Pagi tadi, aku tanpa sengaja melihat dengan Rina, seorang kenalan yang lama tak berjumpa. Aku agak ragu; apakah wanita yang tampak punggungnya olehku itu adalah kak Rina atau hanya seseorang yang terlihat seperti dia. Untuk memastikan dugaanku, aku bangkit dari dudukku dan berjalan perlahan menghampirinya.
"Kak Rina.." panggilku.
"Kak Rina." Sekali lagi. Kak Rina berhenti berjalan. Berbalik. Menatapku. Mengernyitkan kedua alisnya.
"Kak Rina, kan?" aku memastikan. Kak Rina mengangguk.
Aku semakin mendekat, menuntunnya ke tepi, menjauhi lalu lintas pejalan kaki. Sesaaat setelah kami berdiri berhadapan, tanpa bisa ditahan, aku sesenggukan di depannya. Bahuku terguncang hebat, dan air mata menderas di pipiku. Terdengar suara ratapan yang sangat menyayat dari bagian belakang teggorokanku.
"Dari mana kepedihan dan kesesakan ini datang?" aku membatin tanpa bisa menghentikan tangisan. Aku teringat pada Nilam, orang yang kami berdua kenal dengan sangat baik; orang yang dengannya kami menjalin pertemanan dan persahabatan. Nilam, yang membuat kami saling kenal satu dengan yang lain. Sekalipun kedekatan kami tidak sedekat antara kami masing-masing pada Nilam. Nilam, yang berpulang lebih dulu.
***
Kak Rina dan Nilam pernah menjadi rekan sekerja di sebuah perusahaan percetakan keluarga. Usaha ini tidak besar. Namun, sejumlah kerabat dari pemilik usaha menjadi pekerja di sana. Sebagian besar yang bekerja di sana sudah ada di sana selama bertahun-tahun, sebagian lagi bekerja di sana seumur hidup mereka. Ya, ga selama itu juga. Kurang lebih, ada juga yang bekerja di sana selama itu. Itulah sebabnya kak Rina dan Nilam menjadi sangat dekat.
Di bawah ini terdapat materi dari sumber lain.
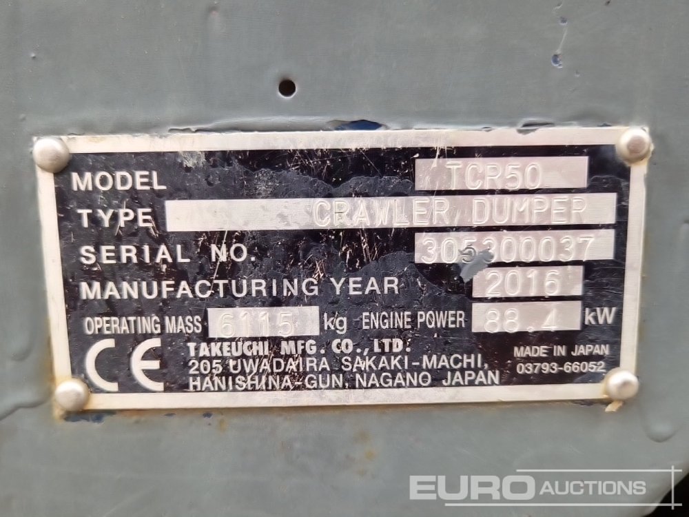 2016 Takeuchi TCR50 Tracked Swivel Skip Dumper - 305300037
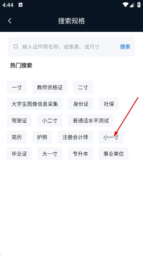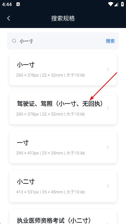 在搜索规格页面,点击小一寸,查看相关证件照规格。
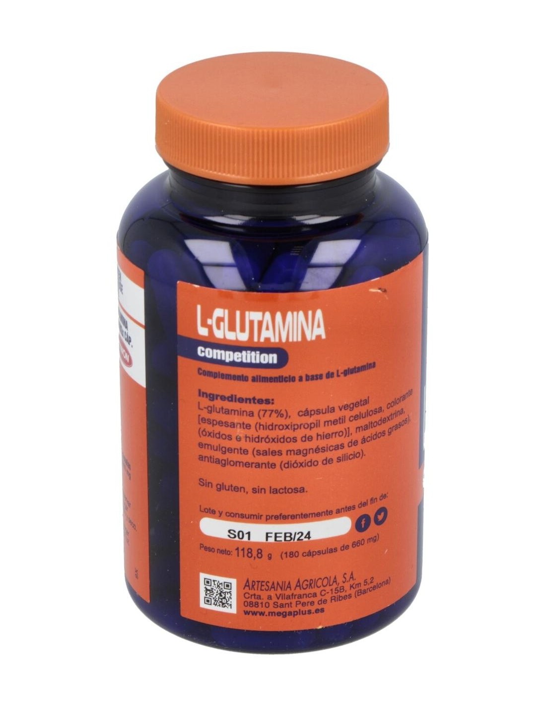 L-glutamina (77%), cápsula vegetal [espesante (hidroxipropil metil celulosa, colorante (óxidos e hidróxidos de hierro)], maltodextrina, emulgente (sales magnésicas de ácidos grasos), antiaglomerante (dióxido de silicio). Sin aspartamo. Sin gluten.
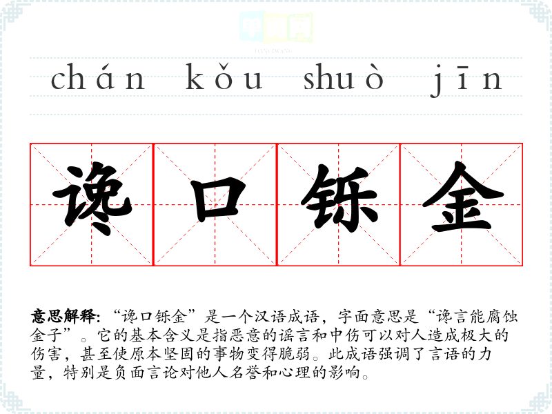 “谗口铄金”是一个汉语成语,字面意思是“谗言能腐蚀金子”。它的基本含义是指恶意的谣言和中伤可以对人造成极大的伤害,甚至使原本坚固的事物变得脆弱。此成语强调了言语的力量,特别是负面言论对他人名誉和心理的影响。
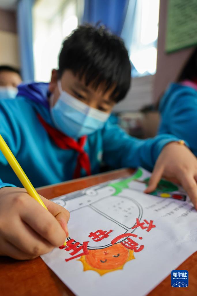 2月20日,乌鲁木齐市第一小学学生在绘制交通安全手抄报。
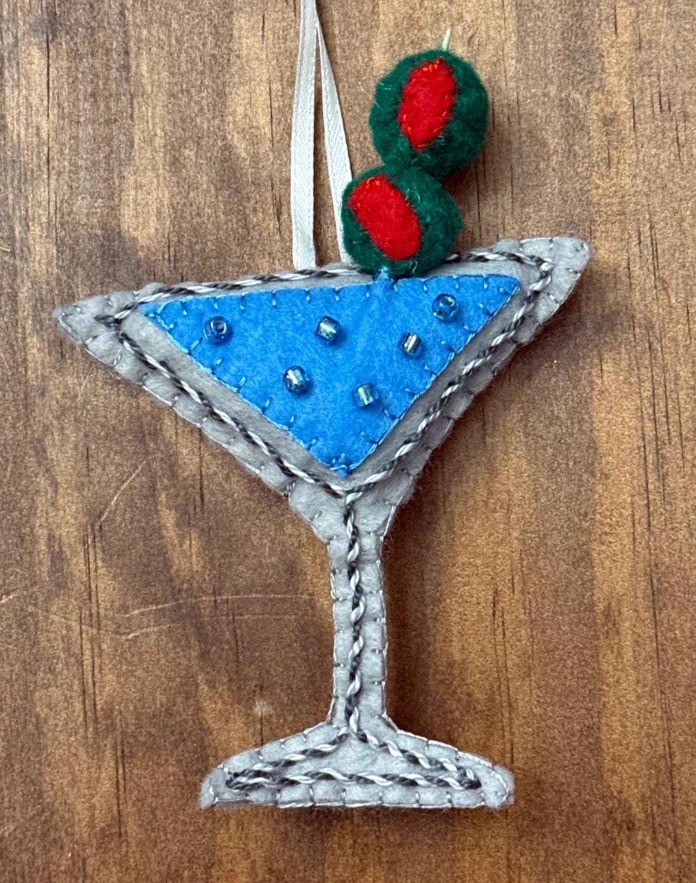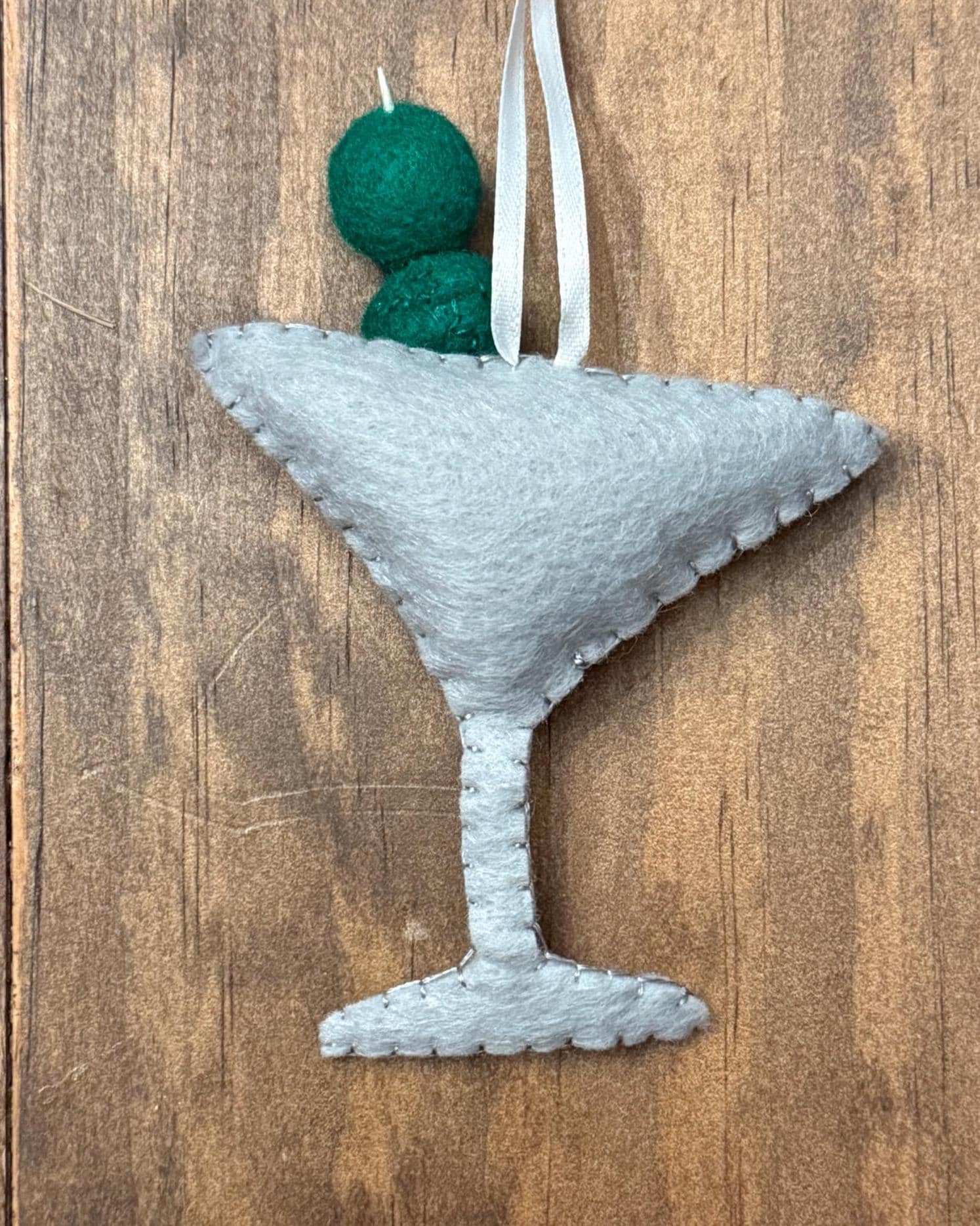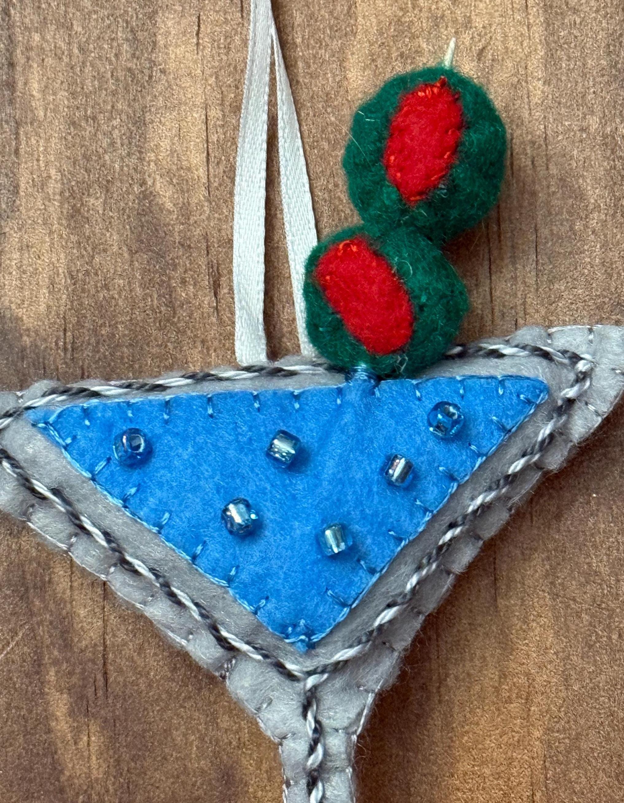 Cheers to the holiday season! This handmade felt martini ornament is the perfect blend of cute and craft for your Christmas tree or bar cart decor. Whether you’re a fan of a classic gin martini or just love a good "Blue Bayou" cocktail, this little guy adds a splash of personality to any celebration.

Kak Rina adalah anak sulung dari 4 bersaudara. Sepanjang masa mudanya, dia bekerja sangat keras untuk menghidupi dirinya sendiri dan ketiga adiknya. Sejak kedua orang-tua mereka berpulang, kak Rina yang bertanggung-jawab atas uang sekolah dan merawat mereka. Besarnya tanggung jawab membuatnya keras terhadap diri sendiri. Adik-adiknya sangat mengasihi kak Rina.
Kak Rina menikah ketika dia telah melewati usia empat puluh tahunnya. Suaminya, 10 tahun lebih tua. Pernikahan mereka dihadiri banyak kerabat dan keluarga. Setelah menjalani 9 tahun pernikahan, suami kak Rina berpulang, usai menjalani rawat inap hampir sebulan.
Kenyataan tersebut menghantam kuat kak Rina. Sebulan lebih, kak Rina mendampingi suaminya yang dirawat di rumah sakit. Setiap hari, kak Rina berharap suaminya mengalami rasa sakit yang tidak lebih kuat dari hari sebelumnya. Namun, doa-doanya tidak terjawab seturut dengan keinginannya.